● **Task goal**: Begin at the top of the records below and print each line exactly until the line containing "习近平指出,上世纪60年代末" has been printed; any pictures are to be left out.
*** Records provided Section Begins ***
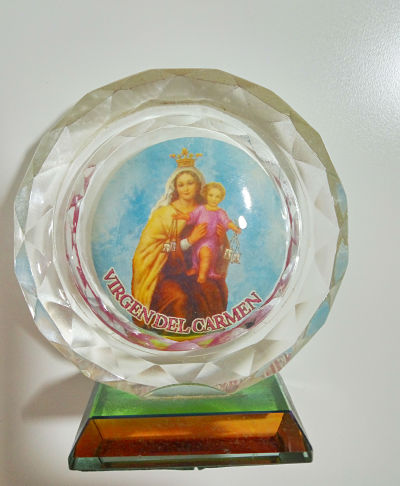 Y allá que voy muy bien acompañada con la virgen y el niño,mostrando cómo con un par de láminas baratitas puedes llegar a hacer trabajos como este.
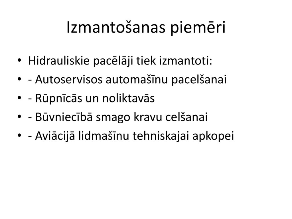 Izmantošanas piemēri• Hidrauliskie pacēlāji tiek izmantoti:
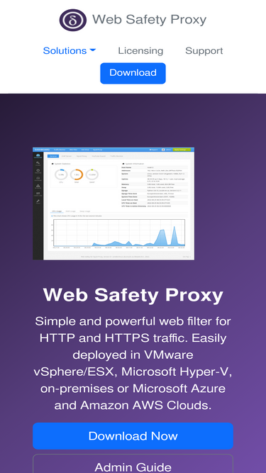 100%simple and powerful web filter and secure web gateway for your network. decrypt, inspect and block http/https traffic flowing into your organization. authenticate proxy users and build traffic reports.
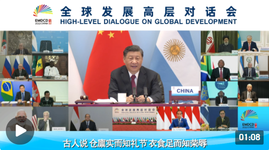 习近平指出,上世纪60年代末,我在中国黄土高原的一个小村庄当农民,切身体会到了百姓的稼穑之难和衣食之苦,他们对美好生活的渴望深深印在我的脑海里。半个世纪后,我重访故地,看到乡亲们吃穿不愁,衣食无忧,脸上洋溢着幸福的笑容。中国古人说:“仓廪实而知礼节,衣食足而知荣辱”。这些年,我走遍中国城镇乡村,也访问过不少国家。我深深感受到,只有不断发展,才能实现人民对生活安康、社会安宁的梦想。
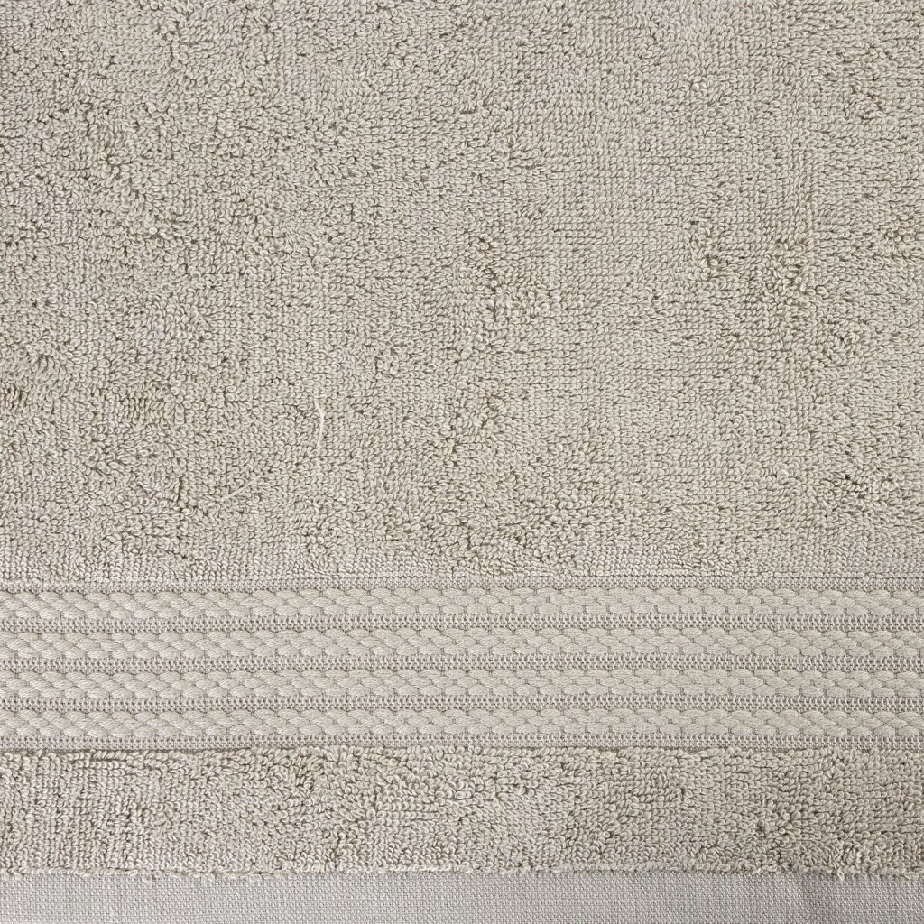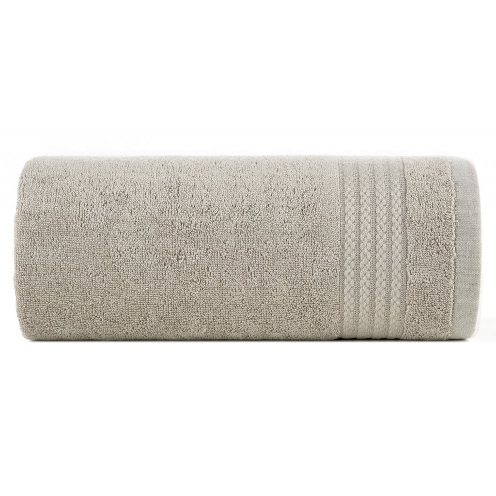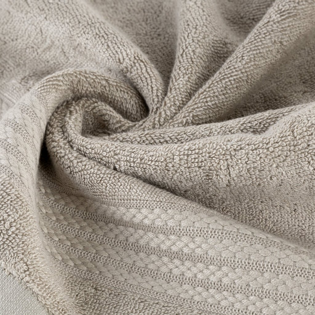 Ručník z měkké a savé bavlněné tkaniny s froté vazbou, zdobený barevným lemem ve stylu bastingu. Šířka: 50 cm, délka: 90 cm, barva: béžová, hmotnost: 550 GSM, složení: 70 % bambus, 30 % bavlna.Doplňkové parametry
*** Records provided Section Ends ***
● **Solution to this problem**:
 Y allá que voy muy bien acompañada con la virgen y el niño,mostrando cómo con un par de láminas baratitas puedes llegar a hacer trabajos como este.
 Izmantošanas piemēri• Hidrauliskie pacēlāji tiek izmantoti:
 100%simple and powerful web filter and secure web gateway for your network. decrypt, inspect and block http/https traffic flowing into your organization. authenticate proxy users and build traffic reports.
 习近平指出,上世纪60年代末,我在中国黄土高原的一个小村庄当农民,切身体会到了百姓的稼穑之难和衣食之苦,他们对美好生活的渴望深深印在我的脑海里。半个世纪后,我重访故地,看到乡亲们吃穿不愁,衣食无忧,脸上洋溢着幸福的笑容。中国古人说:“仓廪实而知礼节,衣食足而知荣辱”。这些年,我走遍中国城镇乡村,也访问过不少国家。我深深感受到,只有不断发展,才能实现人民对生活安康、社会安宁的梦想。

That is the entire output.